Oh and keep up the great work Aldeck!
Re: Making it Build
Re: Making it Build
I was thinking the same. But undertaking such big projects, will have the side-effect that even port of chrome fails, haiku itself will make progess. When doing more complex stuff, and short-coming and the bugs are becoming more visible.
It's clear that chrome will dominate the browser market and perhaps once the webkit port is done perhaps it's a good idea to "try" to port chrome.
Re: Making it Build
I was thinking the same. But undertaking such big projects, will have the side-effect that even port of chrome fails, haiku itself will make progess. When doing more complex stuff, and short-coming and the bugs are becoming more visible.
It's clear that chrome will dominate the browser market and perhaps once the webkit port is done perhaps it's a good idea to "try" to port chrome.
While I really love Chrome and it would be nice to see it on Haiku, I think for a very long time Haiku developers will have more important projects. It has always been my opinion that in the short term it should be possible to clone functionality or even borrow code from Chrome where it makes sense. Right now WebPositive is equivalent to a very early version of Chrome or Firefox or name your browser, and it really isn't fair to compare it to something like Chrome which has had hundreds of full time developers working on it for years. Give us a chance to improve it before deeming it unworthy!
Because no port can ever be as nicely integrated with the operating system as a native solution.

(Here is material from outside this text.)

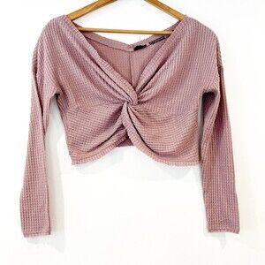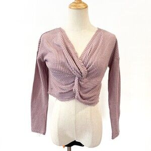 Out From Under Lavender Purple Thermal Waffle Crop Top Twist XS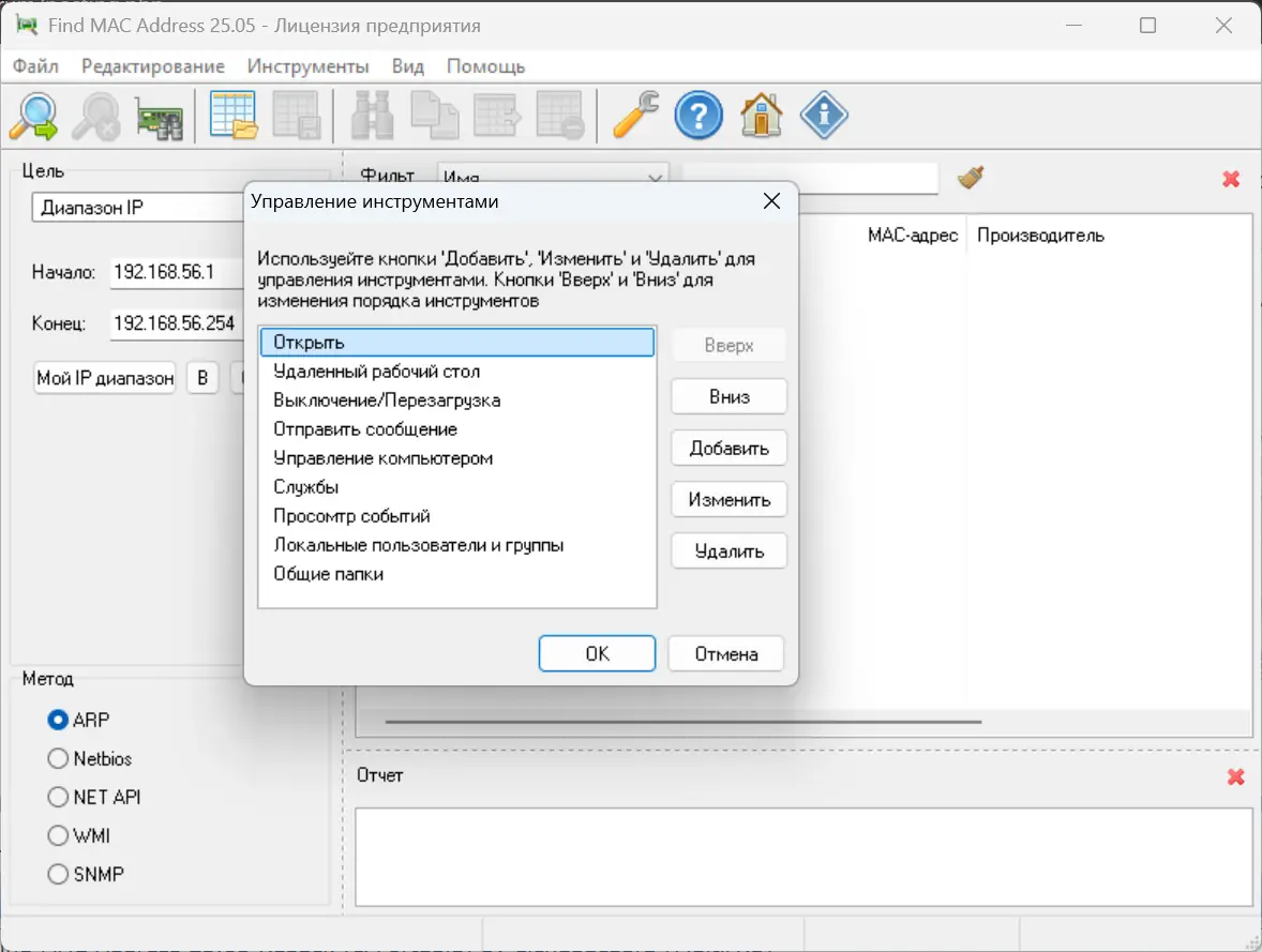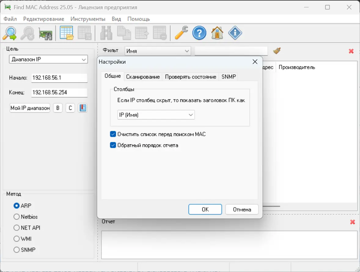 Работа с утилитой начинается с выбора метода поиска: по одному IP-адресу, диапазону или списку устройств. Пользователь указывает параметры сканирования и выбирает протокол — ARP для простых сценариев, SNMP или WMI для более детальной информации. После запуска сканирования программа отображает таблицу с MAC-адресами, именами устройств и названиями производителей.

In addition as part of their WebKit2 initiative the WebKit project is creating a more generic version of the Chrome multi-process browser model, and we can make use of that more easily than trying to make a full Chrome port. Plus as I recall it is a better architecture because it is well integrated with WebKit rather than being add on as Chrome's version was.
But I do understand the point you are making, and porting WebKit originally did expose bugs and lacking functionality in Haiku which we added, and I imagine the same would happen with Chrome (actually it was our lack of wchar support which stalled the port in the past, but we have that now.)
Of course if some developer who is new to Haiku wants to take on a Chrome port project, I encourage it, but so far those efforts have not gotten very far.